Clinimetric properties from modern measurement theory

Before constructing and testing an IRT model, it is important to verify that the items meet the assumptions of unidimensionality, local independence and monotonicity [34].

  1. (1)

    Most IRT applications require a factor structure with a single latent trait, hence the need to establish whether the instrument in question is unidimensional. This was established using the results of the CFA described in the previous paragraph, supplemented with an exploratory factor analysis. Before launching the EFA, we inspected the suitability of the data using Bartlett’s test of sphericity and the Kaiser–Meyer–Olkin (KMO) measure of sampling adequacy. The EFA was executed on the polychoric correlation matrix with the WLSMV estimator from the R package “Psych” (version The number of factors present was evaluated with parallel analysis (PA) and Velicer’s minimum average partial (MAP) test [35].

  2. (2)

    The second assumption, local independence, means that there should be no correlation between two items after the effect of the underlying trait is filtered out. In other words, the item responses should be entirely a function of the underlying trait, and not (partly) dependent on a second factor [34]. To determine this, we looked at the residual correlation matrix from the previously described single-factor CFA, and considered a value of 0.2 above the average residual correlation as the cut-off for local independence [36].

  3. (3)

    Lastly, the concept of monotonicity was examined. This concept states that the probability of endorsing a higher item response category should increase with increasing levels of the underlying construct [34]. Monotonicity was evaluated with Mokken scaling carried out with the R package “Mokken” (version 3.0.2), using the scalability coefficient H for each item and the questionnaire in its entirety. The assumption of monotonicity was confirmed if the item scalability coefficients were ≥ 0.3 and the scalability coefficient Hi for the entire questionnaire was ≥ 0.5 [36].
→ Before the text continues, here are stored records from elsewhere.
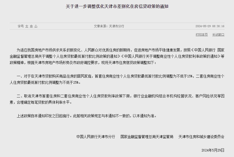 5月29日早上,天津住建委聯合多部門發佈了《關於進一步調整優化天津市差別化住房信貸政策的通知》,將首套住房首付款比例調整為15%,二套住房最低首付款比例調整為25%,同時取消首套、二套住房商業貸款利率下限。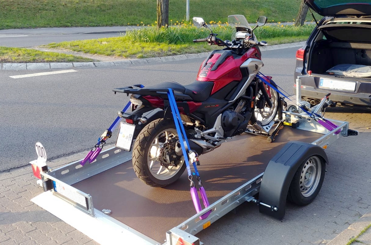 innen: L 2600 mm x B 1550 mm x (Lade-)H 460 mm, Bordwandhöhe 150 mmDas Innenmaß ermöglicht den Transport zweier „ausgewachsener“ Motorräder oder z.B. 1 Motorrad und 2 eBikes. Auch Beiwagen-Motorräder sind möglich.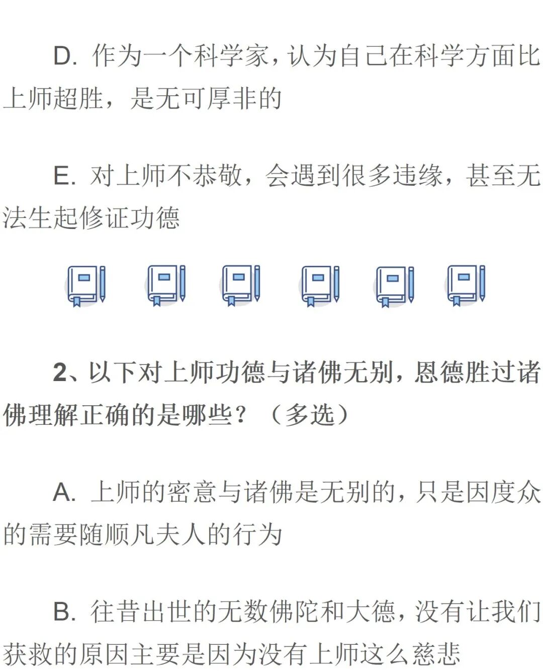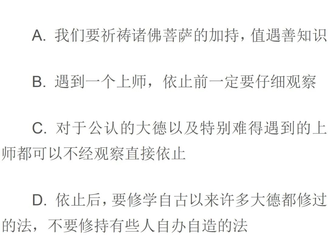 A.于此时代得师摄受,上师恩德不可思议:如今佛法已到了末期,五浊横流,许多人随不善业而转,不明取舍之理,犹如无依无靠的盲人漂泊在荒野中一样。此时,上师以无量悲心垂念我们,相应众生的不同缘分,以不同的身相现于世间,恩德不可思议。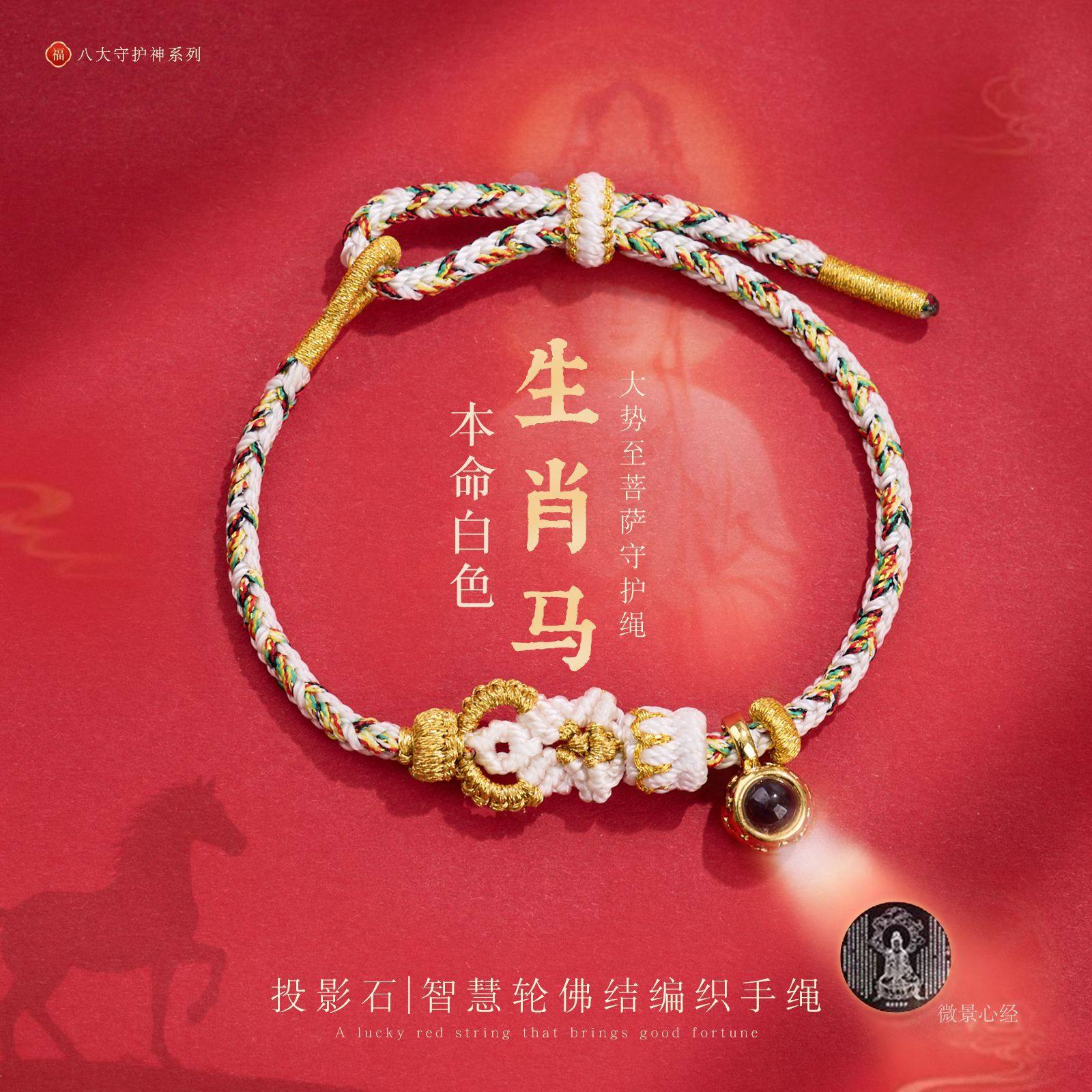 马年微雕投影八大守护神手工编织本命年十二生肖红绳手绳手链批发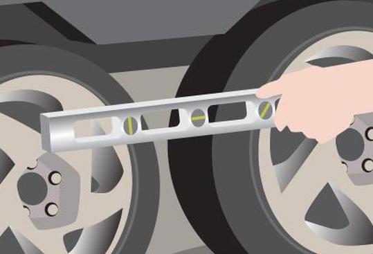 Шаг 1 Используя уровень, выберите высоту колес вашего жилого автофургона, на которой вы хотите разместить нижнюю часть колодки.
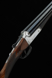 28-inch sleeved barrels with 2 1/2-inch chambers about 1/4 and 1/2 choke borings, doll's head extension, the plain frame with border decoration, the maker's name signed within a scrolling banner and in gold on the top lever, 14 1/4-inch figured replacement stock, 5lb. 8oz., nitro proof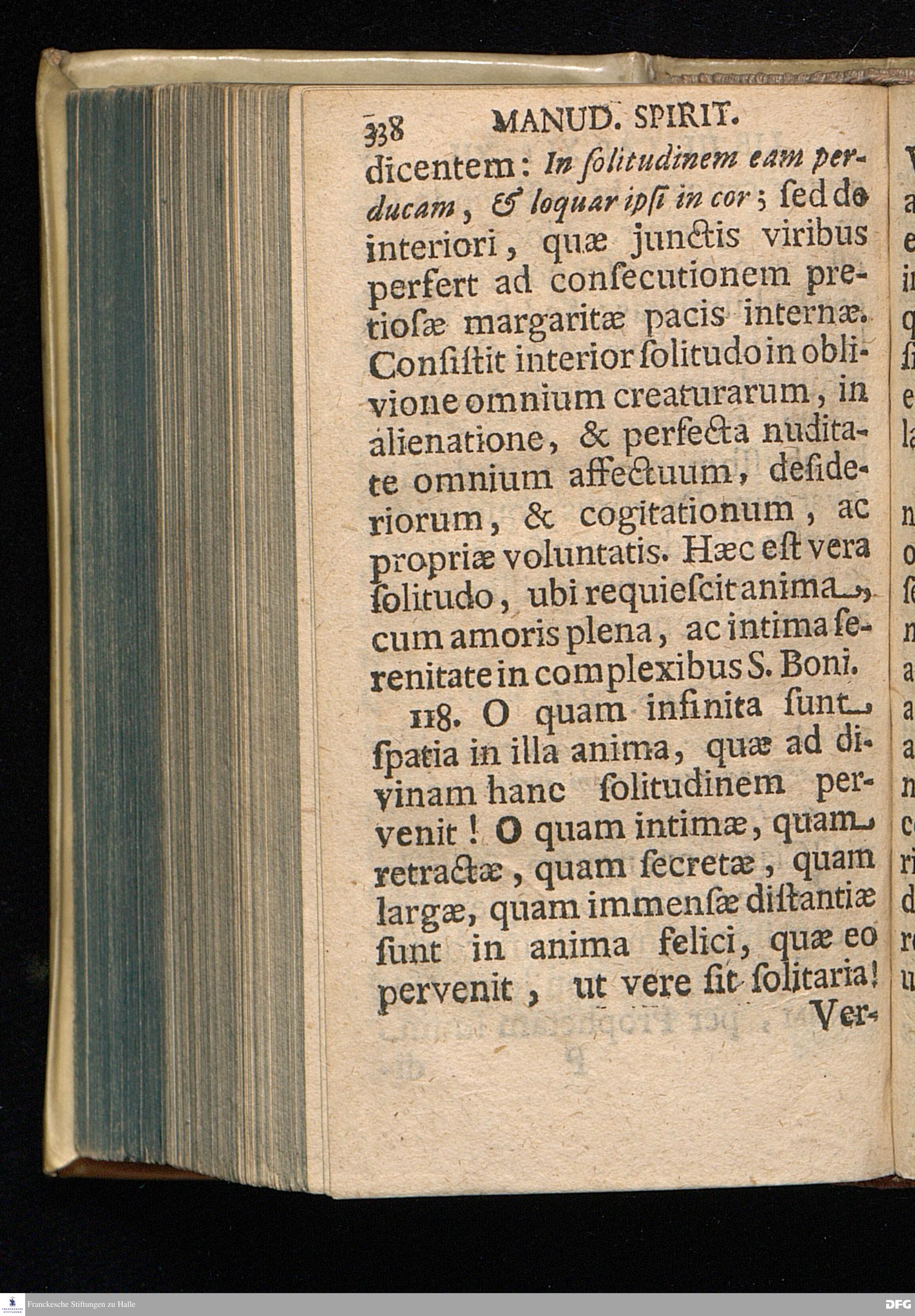 D.MICHAELIS DE MOLINOS, SACERDOTIS, MANUDUCTIO SPIRITUALIS, Extricans animam, eamque perviam interiorem ad acquirendam contemplationis perfectionem, acdivitem pacis interioris thesaurum deducens una cum TRACTATU EJUSDEM De QUOTIDIANA COMMUNIONE, Fideliter & stylo Mysticorum conformiter in latinam lingvam translata A M.AUG.HERMANNO FRANCKIO. Liber, in quo præcipua Eorum, qui vulgo QUIETISTÆ vocantur, DOGMATA declarantur. LIPSIÆ, Sumpt.REINHARDI WÆCHTLER, hactenus Arg.nunc Lips.Bibliopol. MDCLXXXVII.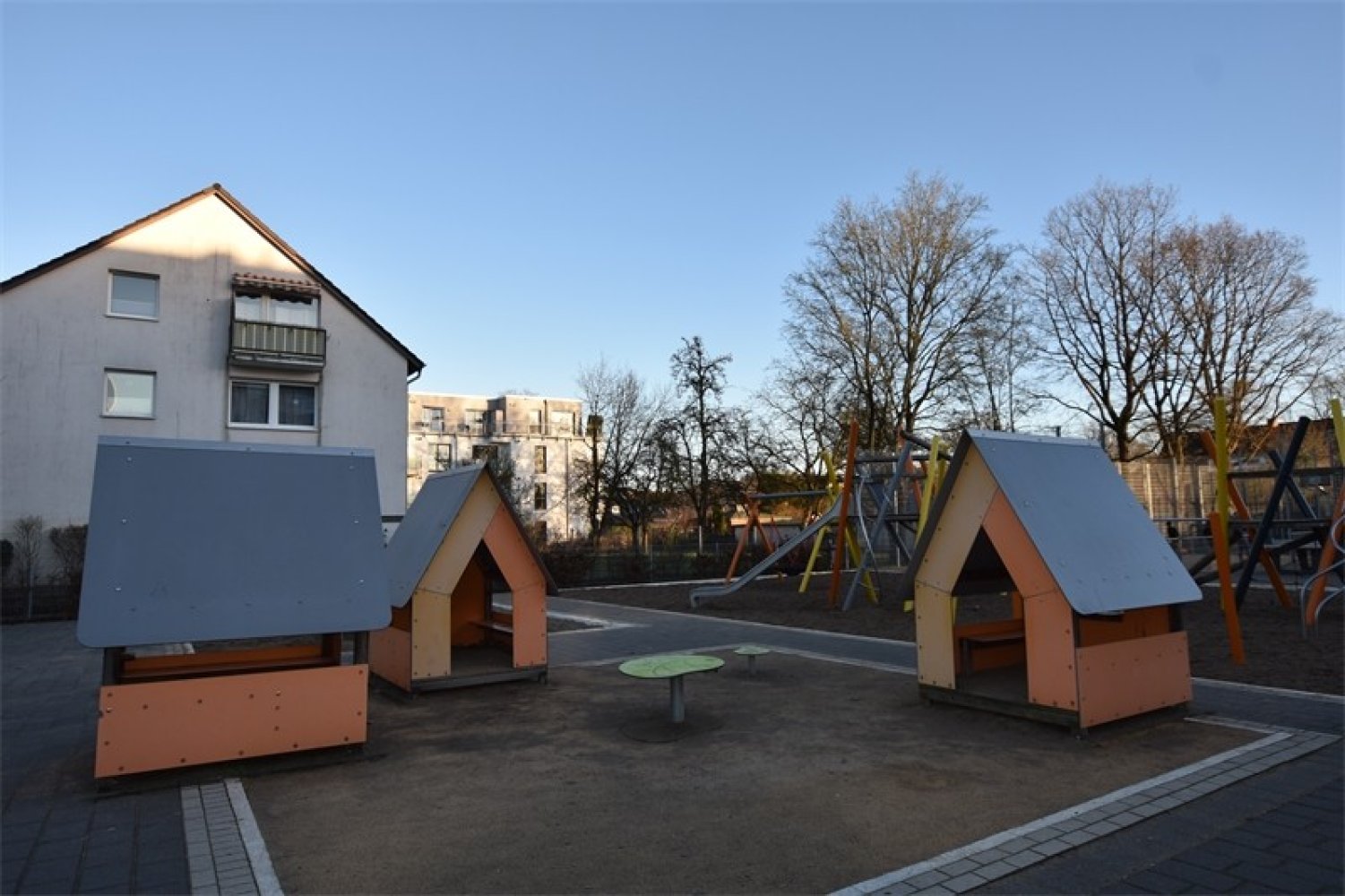 Sie betreten die Wohnung und gelangen in einen breiten Flur mit ausreichend Platz für eine Sitzecke vor der unmittelbar angrenzenden Küche mit Blick auf den Spielplatz. Hier können die Kinder ausgelassen in Sichtweite toben, während Sie zu Hause das Essen zubereiten oder es sich mit einer Tasse Tee in der Essecke gemütlich machen.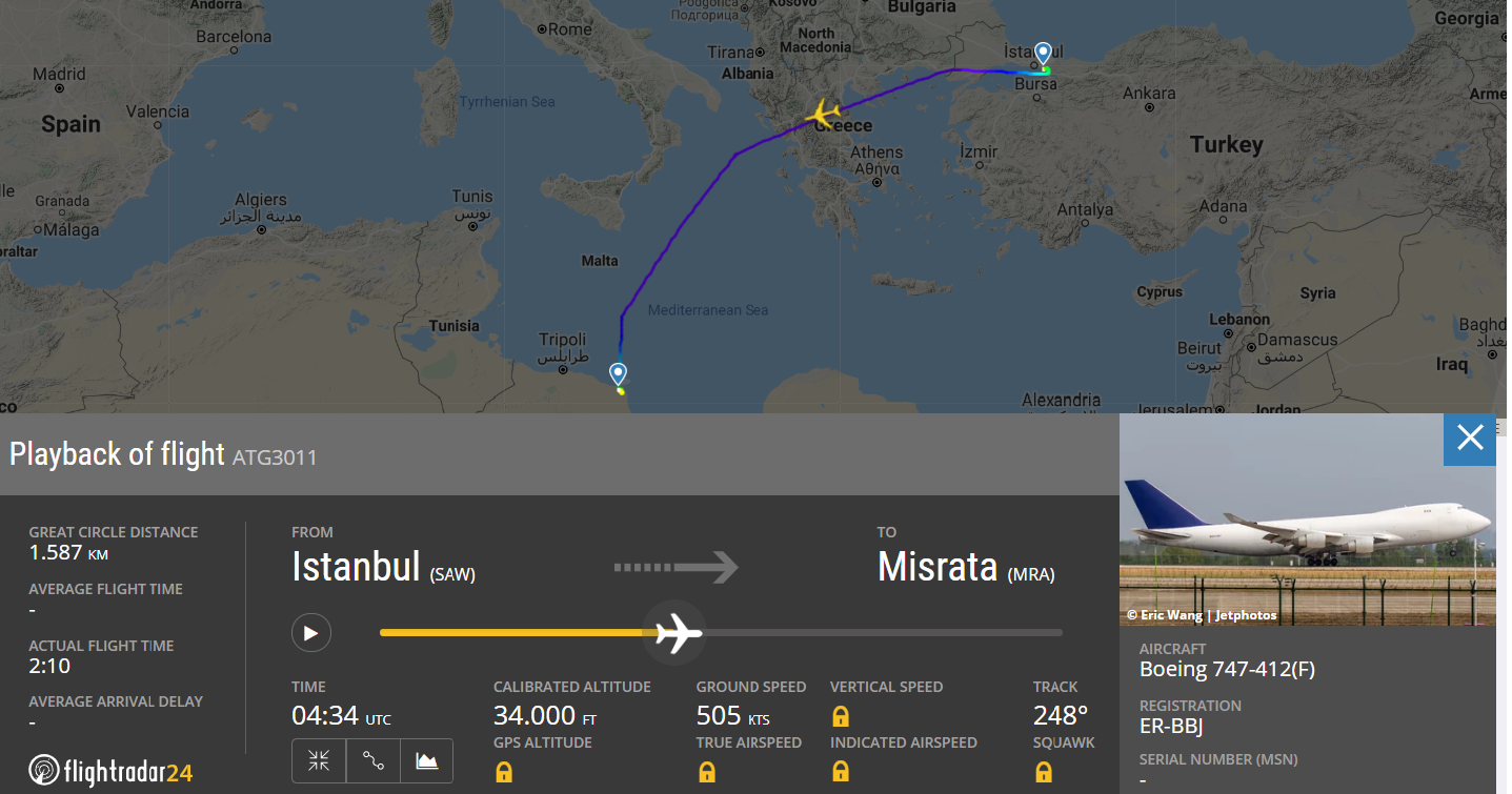 Σύμφωνα με τον Γερμανό δημοσιογράφο Julian Röpcke της BILD, μεταφορικό αεροσκάφος BOEING 747-400 το οποίο απογειώθηκε σήμερα τα ξημερώματα από την Κωνσταντινούπολη, και διέσχισε σχεδόν όλη την ηπειρωτική Ελλάδα(!) μετέφερε όπλα και πυρομαχικά στην Μισράτα για να ενισχύσει τους φιλότουρκους ισλαμιστές της Τρίπολης.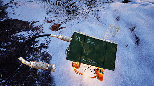 Hemos de tener en cuenta que para escribir y pulsar teclas hay que usar el teclado DE ESE ORDENADOR habiendo de acercarnos lo máximo posible para ver que son seleccionables, por tanto pulsamos la tecla TAB de ahí. De entre las notas que hemos cogido a los soldados muertos, una a de las anotaciones destacadas ha de ser la contraseña, en este caso: OCT23. Tal y como lo escribimos salta un aviso a lo burro que el generador carece de combustible. En el suelo a la izquierda de la radio hay una garrafa de gasolina, la cogemos.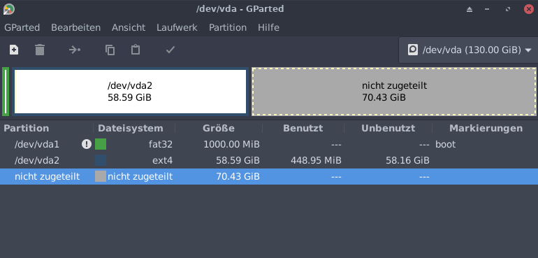 , was oder warum - muss ich probieren, ich habe noch keine Ahnung, es ist durch aus möglich das es wieder ein Übersetzungsfehler ist, das doofe ist das die die Partition eigentlich nur englisch kennt, also du kannst Gparted ruhig auf deutsch einstellen die Partitionierung bleibt immer im original, aber meine doofe Übersetzung macht aus einem englischen Punkt gerne ein deutsches Komma.du könntest folgendes probieren, den Installer auf englisch lassen und das ganze nochmal probieren,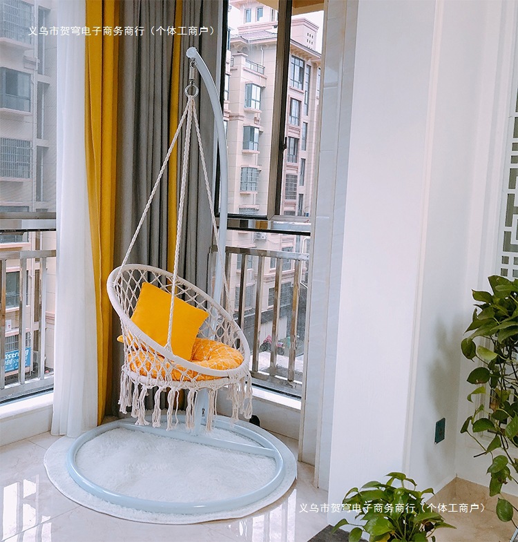 Ins Nordic Style 인터넷 연예인 교수형 바구니 야외 수제 코튼 로프 교수형 의자 발코니 로킹 의자 실내 홈스테이 술 스윙스토어 가기

After confirming unidimensionality, local independence and monotonicity, a logistic Graded Response Model (GRM) was fit to the data using the R package “mirt” (version 1.32.1). This model calculates both item thresholds (b) as well as item slopes (a). For the purpose of this analysis, the response options “I do not undertake these types of physical activities” in item 2.1 and 2.2, “not applicable” in item 3.1 and 3.2, “I am unable to walk” in item 4, and “I have never participated in leisure activities” in item 8 were treated as missing responses. The encoding of the responses on item 8 was also re-ordered, going from decreased participation to increased participation. Item fit was examined with the S − X2 indicator, where p ≤ 0.001 indicates poor fit, and by examining the category characteristic curves. For all items, 3 thresholds were estimated, except for item 8, where only two thresholds were estimated.

Statistical analysis

All analyses were executed with SPSS version 27.0.0, R version 4.0.0. and JASP version 0.13.1.

In addition to the statistical manipulations described in the preceding paragraphs, we also verified normality of distribution for quantitative variables with the Shapiro–Wilk test, by comparing mean and median, and by evaluating the histogram and Q–Q plot. Continuous variables following a Gaussian distribution are reported as mean ± standard deviation, while skewed variables are reported as median (25th percentile–75th percentile). Nominal variables are reported as absolute (n) and relative (%) frequencies. All comparisons were considered significant at the 5% level (p ≤ 0.5).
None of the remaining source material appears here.